Problem statement
The records that follow are to be repeated exactly, with no pictures carried over.

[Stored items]
▽

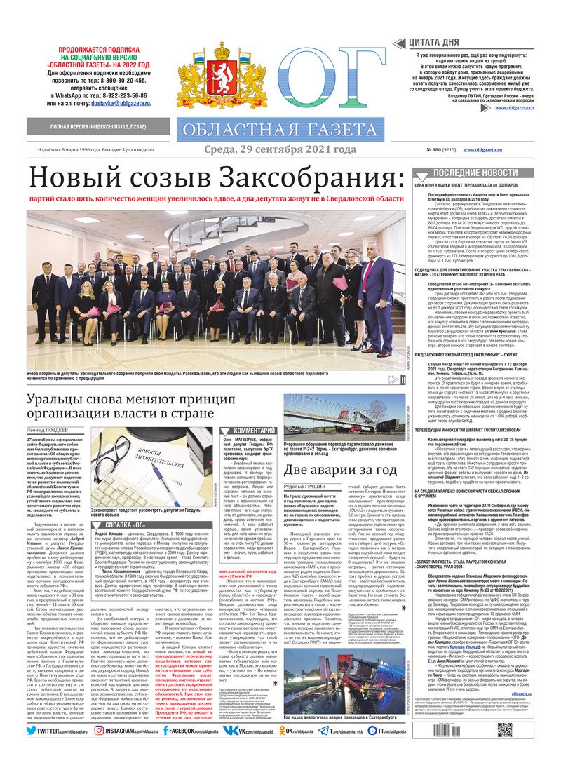 «Областная газета» № 180 (9210) от 29 сентября 2021 года
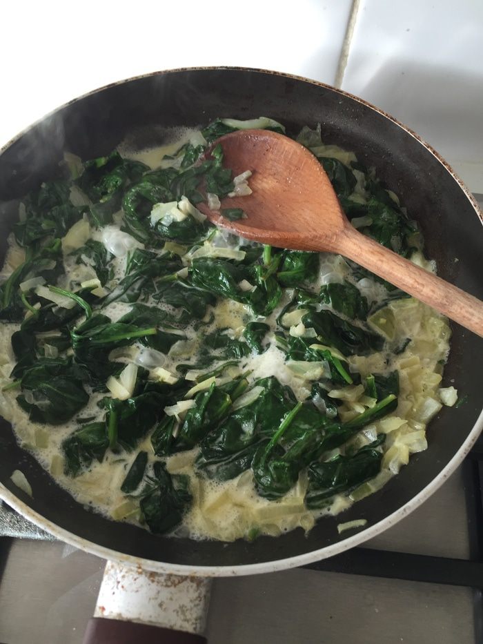 Пока займёмся начинкой. Лук и чеснок чистим, мелко нарезаем. Обжариваем на смеси сливочного и оливкового масла. Добавляем наш шпинат, прогреваем, заливаем сливки, солим, перчим + мускатный орех молотый. Слегка увариваем.
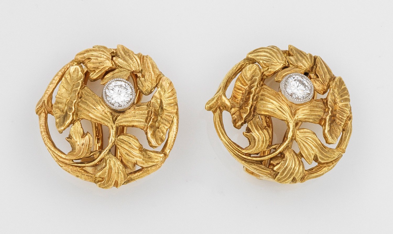 Gelbgold, gest. 750. Jeweils zentral besetzt mit einem Brillanten von zus. ca. 0,20 ct., vegetabil gefasst in Ajour. Ges.-Gew. ca. 7,25 g.
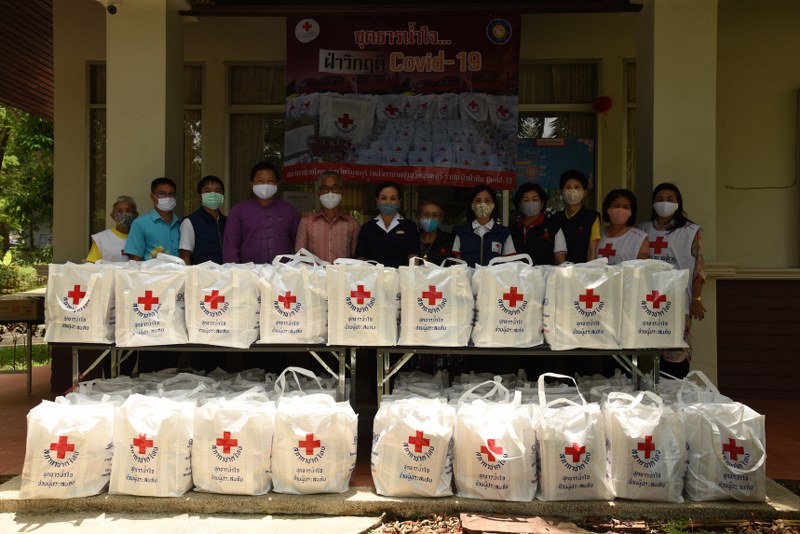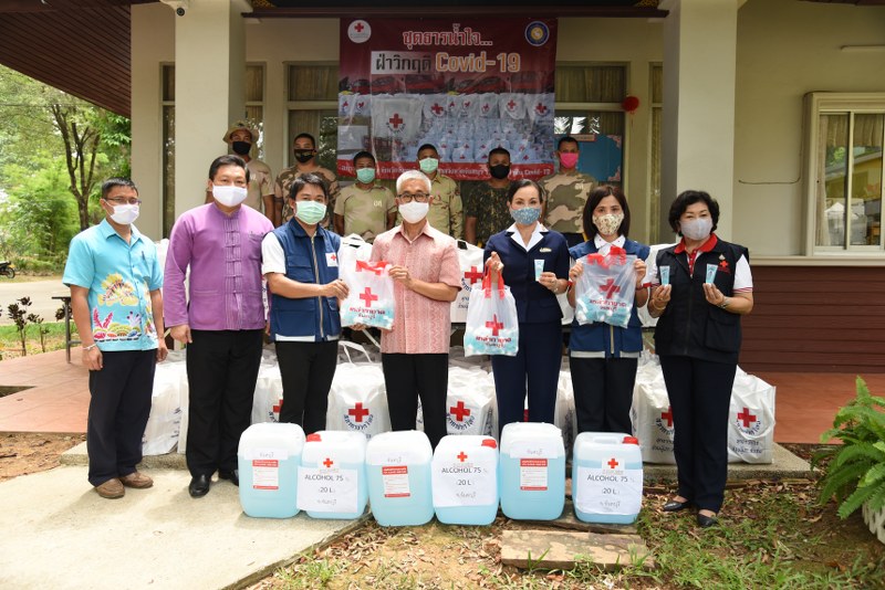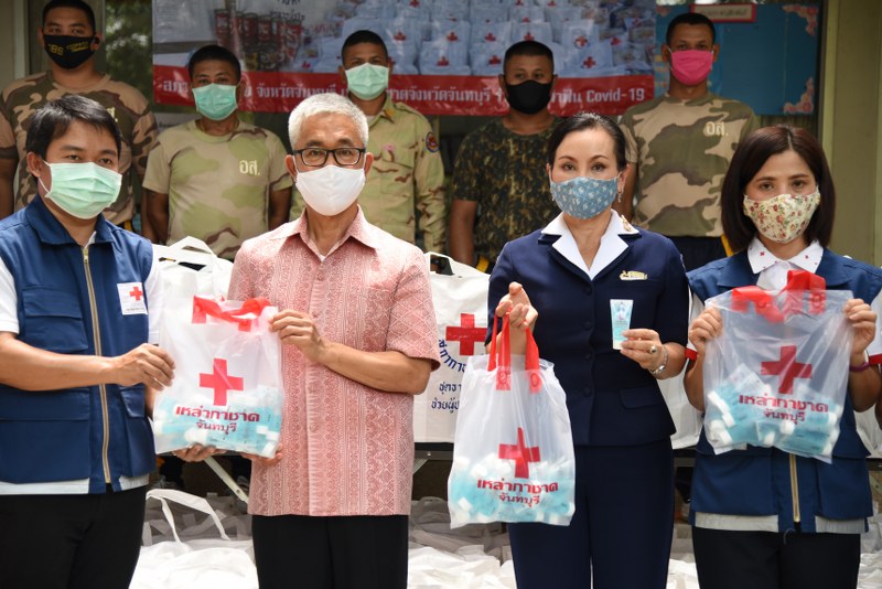 จันทบุรี-สำนักงานเหล่ากาชาดจังหวัดจันทบุรีมอบชุดธารน้ำใจผ่านอำเภอก่อนนำไปมอบให้ประชาชนที่อาศัยอยู่ในหมู่บ้านที่กักตัวเองหลังจากกลับจากต่างจังหวัดและได้รับผลกระทบจากสถานการณ์โควิด-19
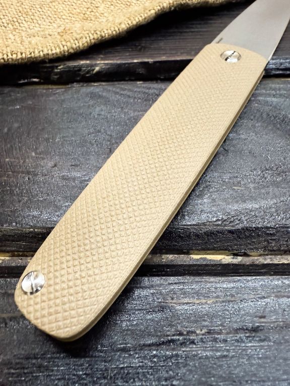 Лёгкий городской складной нож сочетает в себе инновационные решения: надежный замок клик-лок, 3D накладки из цветного G10 или хаотичного карбона, осевой винт собственной разработки, конструкция на латунных шайбах.
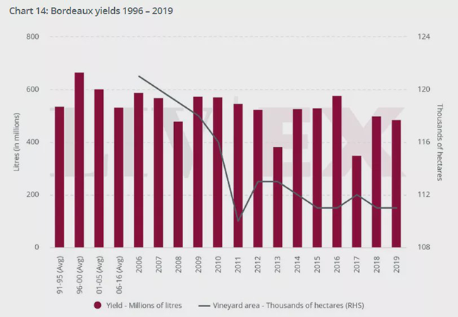 在2019年,最活躍的波爾多葡萄酒年份是2009年(15%)、2016年(12%)和2010年(10%)。一級名莊葡萄酒占波爾多葡萄酒交易總額的34%,而2018年這一比例為37%。波爾多的整體貿易份額很大程度上受到一級酒莊貿易價值的影響,因為這五款酒具有高價值和高產量的雙重優勢。在2019年,它們的平均價格下跌了6%,而銷量占據了波爾多葡萄酒總銷量的11%。
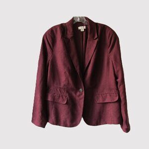 Cold Water Creek women's size L, Maroon Ultra Suede long sleeves, jacket, one button front closure, fully lined

△

Response
 «Областная газета» № 180 (9210) от 29 сентября 2021 года
 Пока займёмся начинкой. Лук и чеснок чистим, мелко нарезаем. Обжариваем на смеси сливочного и оливкового масла. Добавляем наш шпинат, прогреваем, заливаем сливки, солим, перчим + мускатный орех молотый. Слегка увариваем.
 Gelbgold, gest. 750. Jeweils zentral besetzt mit einem Brillanten von zus. ca. 0,20 ct., vegetabil gefasst in Ajour. Ges.-Gew. ca. 7,25 g.
 จันทบุรี-สำนักงานเหล่ากาชาดจังหวัดจันทบุรีมอบชุดธารน้ำใจผ่านอำเภอก่อนนำไปมอบให้ประชาชนที่อาศัยอยู่ในหมู่บ้านที่กักตัวเองหลังจากกลับจากต่างจังหวัดและได้รับผลกระทบจากสถานการณ์โควิด-19
 Лёгкий городской складной нож сочетает в себе инновационные решения: надежный замок клик-лок, 3D накладки из цветного G10 или хаотичного карбона, осевой винт собственной разработки, конструкция на латунных шайбах.
 在2019年,最活躍的波爾多葡萄酒年份是2009年(15%)、2016年(12%)和2010年(10%)。一級名莊葡萄酒占波爾多葡萄酒交易總額的34%,而2018年這一比例為37%。波爾多的整體貿易份額很大程度上受到一級酒莊貿易價值的影響,因為這五款酒具有高價值和高產量的雙重優勢。在2019年,它們的平均價格下跌了6%,而銷量占據了波爾多葡萄酒總銷量的11%。
 Cold Water Creek women's size L, Maroon Ultra Suede long sleeves, jacket, one button front closure, fully lined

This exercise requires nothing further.